I’m tempted to lay down, but I know if I fall back asleep, I’ll just hate myself for it when I’m forced awake by Mr. Olson’s freaking whistle.

Back outside, I make my way towards the fire pit. There’s no bonfire going, but…

Oh sweet baby Jesus, do I smell coffee?

Following my nose, I find one of the dads with a pot of hot water, metal cups, and instant coffee.

With blessedly few words, he pours me a cup of life-juice and I take it over to an empty picnic table.

Sipping the coffee, I feel the stress of my morning slip away.

This is pretty okay.

The sun is out and already making me warm enough I can leave my jacket open. There are birds chirping in the trees around us and the kids all look wide-eyed and bushy-tailed, ready to see what today will bring.

I smile into my cup. This might not be so bad actually.

A body sits down next to me. “Hey, roomie.”

I grin over at Rebecca, “Well, good morning. Did you have a nice night?”

She smirks, “Oh, I had a very nice night. He might not look like much, but Coach has hidden talents.”

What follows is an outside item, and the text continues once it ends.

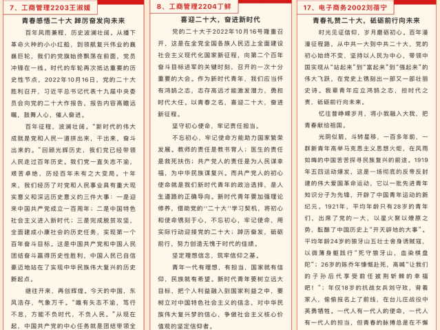 为深入学习贯彻党的二十大精神,大力弘扬以爱国主义为核心的伟大民族精神,引导经管学子铸牢奋斗思想、增进爱国情怀,不断提高政治觉悟和理论修养,以饱满的热情庆祝党的二十大胜利召开。经济与管理学院于10月25日-11月17日举办了以轻青小课堂——“青春献礼二十大 踔厉奋发向未来”为主题的征文手抄报比赛。

I choke. First, I’ve never heard anyone refer to Gym Teacher Bob as Coach before. Second, that’s about the last person I would have assumed she’d be with.

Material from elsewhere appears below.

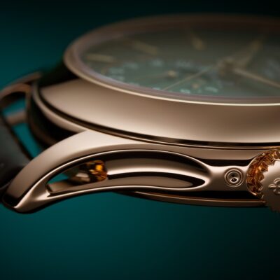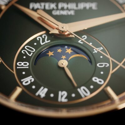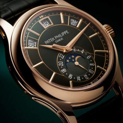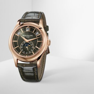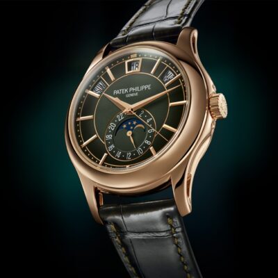 Unworn Luxury Patek Philippe Complication watch. The 18k Rose Gold Annual Calendar / Moonphases, 40mm, Reference 5205R-011. The model has elegant Olive green sunburst dial with black-gradient rim. The 18k Rose Gold faceted applied index hour markers and hands, the Patek Philippe logo at 12 o’clock. On the outer edge of the dial there is a minute scale consisting of 18k Rose Gold dots. The patented annual calendar is ingenious mechanism in three apertures arranged along an arc in the upper half of the dial. In its composition Date display at the 12 o’clock position, Day of the week display at the 10 o’clock position, Month display at the 2 o’clock position. Single combination sub-dial displaying: 24 hours and (inner moonphase) at the 6 o’clock position. Polished Pull/push18k Rose Gold crown that with ribbed edge for comfortable grip and logo Patek Philippe are located on the right side of the case. The dial closed by a Scratch-resistant Sapphire Crystal and Scratch-resistant Sapphire Crystal case back. The watch is fixed slightly concave 18k White Gold bezel. The highlight of this model is the delicately pierced lugs for strap. The watch Patek Philippe Caliber 324 S QA LU 24H/206 has Self-winding mechanical movement, containing 34 Jewels, and power reserve min. 35 hours, max. 45 hours. This model presented on shiny two-tone green hand-patinated alligator leather with square scales, handstitched secured by an 18k Rose Gold Prong buckle. The water resistance is up to 30m/100ft (3 ATM).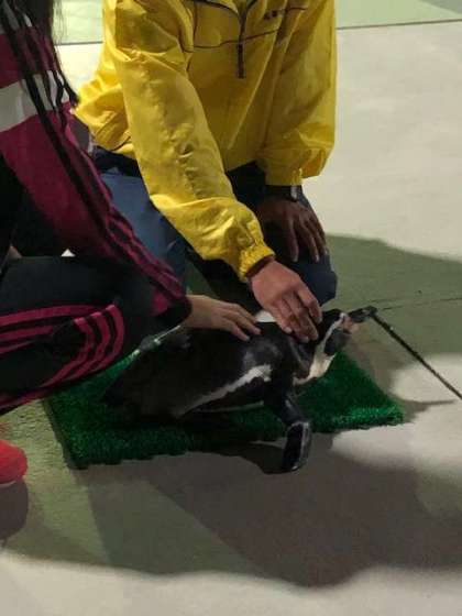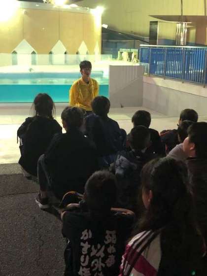 夜のマリンランドに来ました。ます迎えてくれたのはペンギンのマリンちゃん。1人ずつ背中をタッチさせてもらいました。

“But enough about me,” Rebecca tips her head, indicating for me to look across the way. “Have you seen the survivalist guy yet?”

I shake my head, fine with the change of topic, “Why, is he hot?”

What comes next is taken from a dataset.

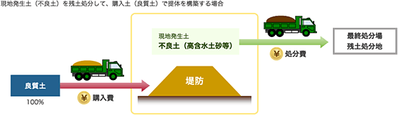 残土処分費:1,500円/m3、良質土購入費:3,000円/m3

She lets out a groan, “So fucking hot. That man could survival me any day of the week.”

“What does that even mean?” I laugh, surreptitiously look around for this mystery man. “Do you know where they found him?”

She shrugs, “I heard someone say he’s from Darling Lake. But who knows if that’s true.”

Between two clusters of people, I catch a glimpse of a tall figure wearing a backpack, but I can’t tell if it’s the newcomer Rebecca’s talking about or just one of the dads.

The sound of a whistle announces the start of the day, and we get up to gather round the empty firepit where Mr. Olson is standing.

He waits for us all to settle, hushing a few of the kids, before he starts, “Good morning!”

There’s a mumbled chorus of “good morning” in response.

“So glad we all survived our first night in the woods,” he chuckles, and I’ve never wanted to throat punch someone more in my life.

“If you didn’t have breakfast already, we have granola bars over there,” he points to a table, “you can eat while our special guest tells us what he has in store for us today.” Mr. Olson clasps his hands.

“So, without further ado, allow me to introduce you to Mr. Stoleman.”

Stoleman?

The collective gaze of the crowd turns my way, and a prickle of unease crawls up my neck.

Slowly, I turn around, gaze locking on a man’s profile as he walks past me, towards the front of the group.

No .

The sun sneaks through the trees, highlighting the chocolaty brown locks mussed around the man’s head.

It can’t be.

His facial hair is the same rich color as his hair, and it’s almost thick enough to be considered a beard. Like maybe he shaved it yesterday. Or the day before.

Reaching Mr. Olson’s side, the man stops and turns to face everyone.

“Please,” his voice is clear, and deep, and I feel it resonate in my bones, “call me Beckett.”